I built a multi-agent system that coordinates five LLM agents, each running as a long-lived Claude Code or Codex CLI session: a Product Manager, a Product Designer, a Tech Lead, two Developers, and a Code Reviewer.

The system is the experiment. Whether a single model can write code is solved. The harder question is what happens when you give multiple agents distinct roles and ask them to collaborate through a structured workflow. Does the coordination hold? Do the handoffs lose meaning the way they do on human teams? Does the pipeline produce real output, or just plausible activity?

The orchestration layer matters more than any individual agent. A capable model in a bad workflow produces waste. An average model in a well-designed pipeline produces value. How agents communicate, how work flows between stages, what gets blocked and what gets escalated, that's what determines whether anything useful comes out the other end.

Plenty of people are building agentic AI systems like this. I wanted to build my own, because that's how I've always learned fastest. Not studying from the outside, but operating inside the thing and seeing what breaks.

The team works like this:

The PM reads a templated doc with high-level requirements, analyzes the codebase, and proposes improvements framed around user need
The Product Designer reviews user-facing proposals for experience quality, clarity, and trust
The Tech Lead reviews proposals (with design feedback attached) for technical feasibility, shapes the implementation, and assigns tasks
The Developers implement approved specs on isolated branches
The Reviewer checks the code and approves or sends it back
Myself, the only human on a team of six

The PM routes work based on what kind of proposal it is. User-facing work (product, UX, trust, onboarding, workflow) goes through the Designer first, who adds experience feedback before passing to the Tech Lead. Technical proposals skip straight to the Tech Lead. The pipeline adapts its depth based on what's flowing through it.

They talk through a message pipeline. Each handoff is a typed contract, not a conversation. There's a safety layer that blocks dangerous actions and escalates risky ones for human approval. There's a dashboard so I can watch everything in real time.

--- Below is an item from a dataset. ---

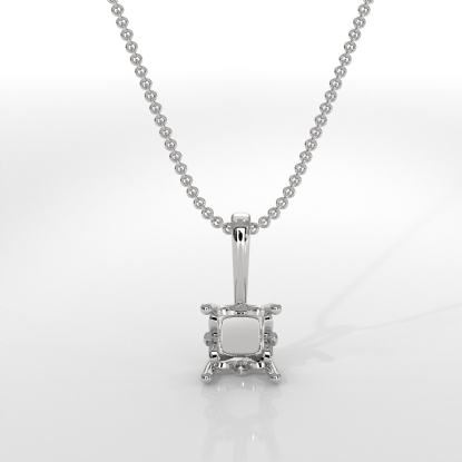 Prong Set Cushion Cut Diamond Solitaire Semi Mount Bail Pendant 14k White Gold

AI agent dashboard overview showing outcome tiles, agent status, recent workflow changes, and system health

The surprise: it felt exactly like managing a real team

I expected it to feel like configuring software and then agents would sort things out. It didn't. Within hours, dynamics I've seen on every team I've led started showing up. But I couldn't tell at first whether the problems were coming from the agents or from me.

Was the PM drifting because the model was unfocused, or because I hadn't given it clear enough priorities? Were the handoffs failing because agents can't communicate well, or because I'd designed the contracts too loosely? Was the pipeline full of noise because AI generates too much, or because I hadn't built the backpressure to stop it?

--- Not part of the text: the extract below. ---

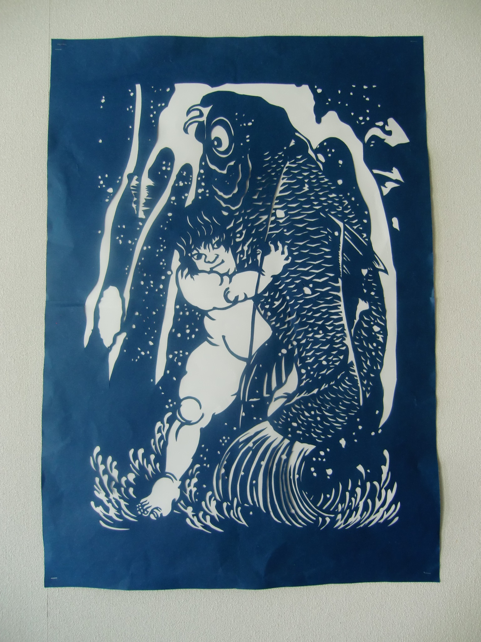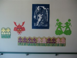 こちらの【坂田怪童丸】は、金太郎の通称で、江戸時代多くの浮世絵に描かれています。怪童丸と巨大な鯉の組み合わせは、共に端午の節句飾りのモチーフとなっています。こちらの切り絵は特に好評で、入所者の皆様に喜んでいただいています。

The honest answer is that most of the early failures were mine. The agents did exactly what I set them up to do. When the PM produced twelve scattered proposals, that was a reflection of a missing product brief, not a broken model. When handoffs turned into a telephone game, that was a reflection of my decision to let agents pass prose instead of typed contracts. When the review loop ran three times on the same bug, that was the system working correctly. The Developer's capability boundary was real, but the pipeline detected it and stopped.

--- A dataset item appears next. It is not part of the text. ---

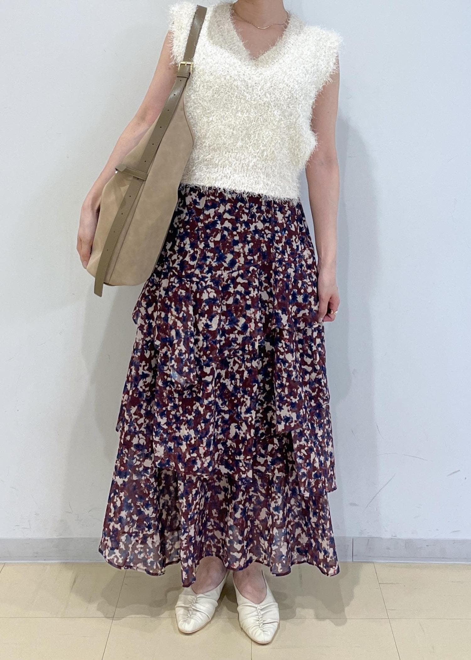 VIS花柄アソート楊柳ティアードスカートブラウン系 / F¥4,613レビュー158㎝、Fサイズ着用。

The dynamics that showed up weren't unique to AI. They're the same dynamics that show up on every team. The difference is that AI teams can't compensate for bad leadership the way human teams can. Humans cover for fuzzy process with judgment, context, and hallway conversations. AI agents execute exactly what you gave them. If the structure is wrong, the output is wrong. Confidently and at speed.

That's what made the week so clarifying. I couldn't blame the team. The team was a mirror.

Left alone, the AI PM generated twelve proposals in its first run. Well-articulated, technically reasonable, covering everything from tests to performance to security. The Tech Lead approved two. Eighty-three percent rejection rate. So I did what I'd do with any team. Wrote a one-page product brief. Three to five priorities. Explicit out-of-scope items. The effect was immediate. Proposals aligned. Approval rate went up. Work started flowing toward real value.

The AI PM responded to product leadership the same way a human PM does. Give it clear priorities and the output gets dramatically better. The skill wasn't AI-specific. It was the same instinct I've been developing my whole career, applied in a new context.

Early on, the agents talked to each other in natural language. Paragraphs of reasoning passed from one role to the next. By the time the Developer got a spec, it had been through multiple layers of translation, the same telephone game every organization knows, except here nobody could ask a clarifying question.

I replaced that prose with minimal typed payloads. Title, priority, acceptance criteria. Decision, blocking issues, specific file and line comments. Less expressive, far more reliable. AI made the case for structured handoffs more clearly than any retrospective ever has.

One proposal went through three review cycles. The Developer kept submitting code, the Reviewer kept catching the same bug: a subtle issue with library-specific exception types. After three rounds the system blocked the thread. I've seen this exact loop on human teams. The difference is the system caught it in hours, not sprints.

AI agent pipeline work view showing threads with status badges, review decisions, and rework loops

At some point I realized what I was actually doing. Not just running an AI team. Running a controlled experiment on management, stripped of all the human compensation that normally hides these dynamics. Human teams are forgiving enough to cover for fuzzy process. AI teams aren't. The PM drifts without priorities. Handoffs lose context without structure. Activity isn't progress without measurement. WIP limits matter even when the team never gets tired. Every principle I'd learned from managing real teams showed up, except now I could see it clearly because nothing was being smoothed over by social norms.

The twist: it felt nothing like managing a real team

AI teams turn ambiguity into system behavior, not friction. On human teams, ambiguity creates questions and Slack threads. On AI teams, ambiguity creates confidently wrong output. The agents don't ask for clarification. They interpret and continue.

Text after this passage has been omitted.